Derivative of function to power function form
Derivative of Function to Power Function Form
When dealing with derivatives in calculus, one often encounters functions raised to a power. Understanding how to differentiate these functions is crucial for solving a wide range of problems. In this guide, we will explore the differentiation of functions in the form of $f(x)^{g(x)}$, where both $f(x)$ and $g(x)$ are differentiable functions of $x$.
Basic Power Rule
Before diving into the more complex cases, let's recall the basic power rule for differentiation. If $f(x) = x^n$ where $n$ is a constant, then the derivative of $f(x)$ with respect to $x$ is given by:
$$ f'(x) = \frac{d}{dx}x^n = nx^{n-1} $$
Derivative of a Function Raised to a Power
When a function $u(x)$ is raised to the power of a constant $n$, the power rule can be extended as follows:
$$ \frac{d}{dx}u(x)^n = nu(x)^{n-1} \cdot u'(x) $$
This is a direct application of the chain rule, which states that the derivative of a composite function is the derivative of the outer function evaluated at the inner function, multiplied by the derivative of the inner function.
Derivative of a Power Function Form $f(x)^{g(x)}$
When we have a function raised to another function, $f(x)^{g(x)}$, the differentiation becomes more complex. To differentiate this form, we use logarithmic differentiation.

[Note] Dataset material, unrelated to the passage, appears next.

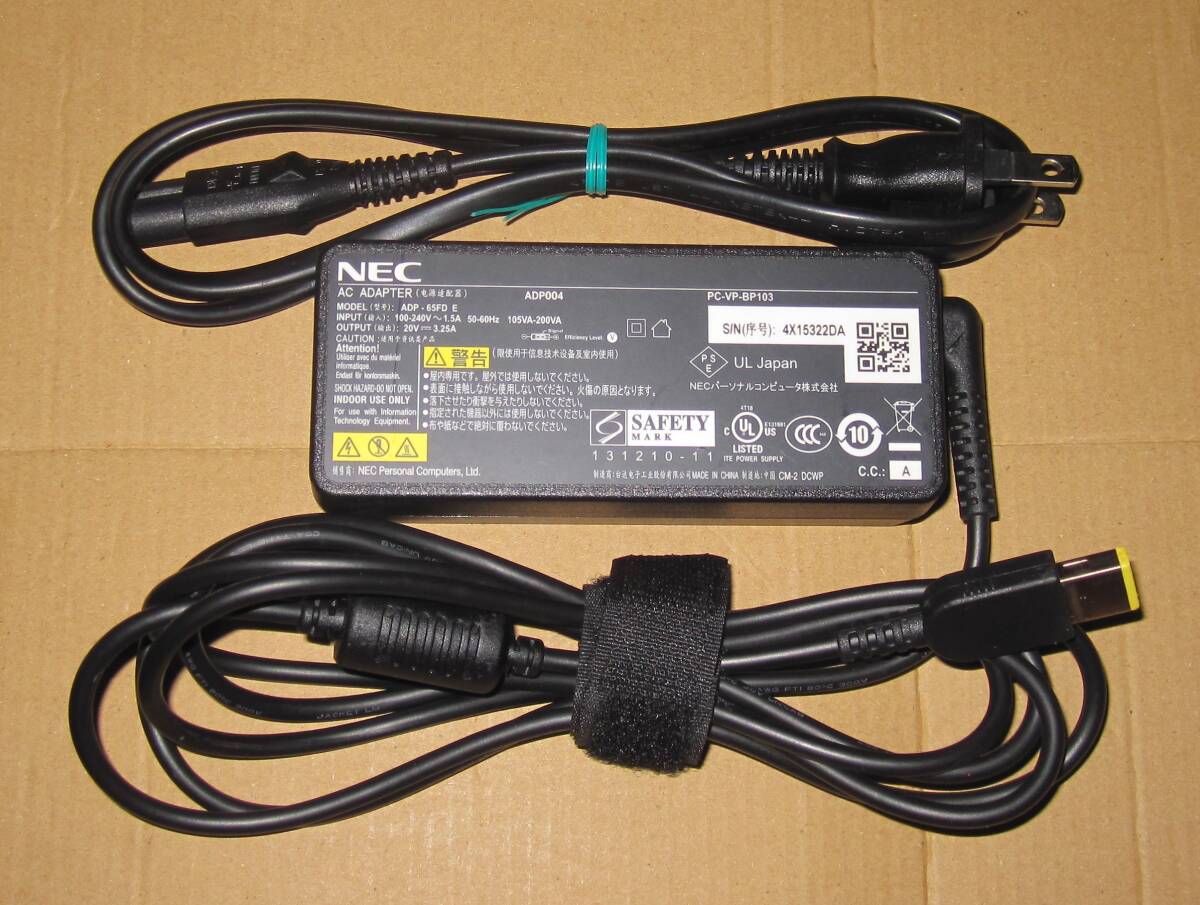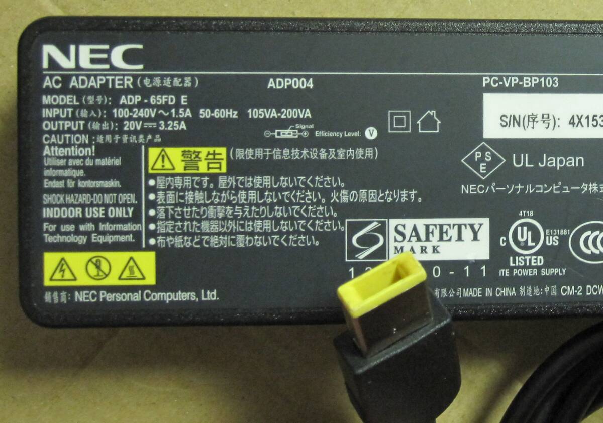 NEC PC用純正ACアダプタ PC-VP-BP103 (20V 3.25A) 11mm×4.5mm 角型

Here are the steps:
Take the natural logarithm of both sides: $$ \ln y = \ln \left[f(x)^{g(x)}\right] $$
Simplify using logarithm properties: $$ \ln y = g(x) \cdot \ln f(x) $$
Differentiate both sides with respect to $x$, applying the product rule to the right-hand side: $$ \frac{1}{y} \cdot \frac{dy}{dx} = g'(x) \cdot \ln f(x) + g(x) \cdot \frac{1}{f(x)} \cdot f'(x) $$
Solve for $\frac{dy}{dx}$: $$ \frac{dy}{dx} = y \cdot \left[g'(x) \cdot \ln f(x) + g(x) \cdot \frac{f'(x)}{f(x)}\right] $$
Substitute back $y = f(x)^{g(x)}$ to get the derivative in terms of $x$: $$ \frac{d}{dx}f(x)^{g(x)} = f(x)^{g(x)} \cdot \left[g'(x) \cdot \ln f(x) + g(x) \cdot \frac{f'(x)}{f(x)}\right] $$
Table of Differences and Important Points
| Property | Basic Power Rule $x^n$ | Function to a Constant Power $u(x)^n$ | Function to a Function Power $f(x)^{g(x)}$ |
|---|---|---|---|
| Rule | $nx^{n-1}$ | $nu(x)^{n-1} \cdot u'(x)$ | $f(x)^{g(x)} \cdot \left[g'(x) \cdot \ln f(x) + g(x) \cdot \frac{f'(x)}{f(x)}\right]$ |
| Requires Chain Rule | No | Yes | Yes |
| Requires Logarithmic Differentiation | No | No | Yes |
| Example | $\frac{d}{dx}x^3 = 3x^2$ | $\frac{d}{dx}(2x+1)^3 = 3(2x+1)^2 \cdot 2$ | $\frac{d}{dx}(x^2)^{\sin x} = (x^2)^{\sin x} \cdot \left[\cos x \cdot \ln x^2 + \sin x \cdot \frac{2x}{x^2}\right]$ |
Examples
Example 1: Function to a Constant Power
Differentiate $h(x) = (3x^2 + 2x + 1)^5$.
Using the extended power rule:
$$ h'(x) = 5(3x^2 + 2x + 1)^4 \cdot (6x + 2) $$
Example 2: Function to a Function Power
Differentiate $k(x) = (x + 1)^{x}$.
Using logarithmic differentiation:
- $\ln k = x \ln(x + 1)$
- $\frac{1}{k} \cdot k' = \ln(x + 1) + \frac{x}{x + 1}$
- $k' = k \left[\ln(x + 1) + \frac{x}{x + 1}\right]$
- $k' = (x + 1)^{x} \left[\ln(x + 1) + \frac{x}{x + 1}\right]$
By understanding these rules and methods, students can tackle a wide variety of differentiation problems involving power functions on their exams.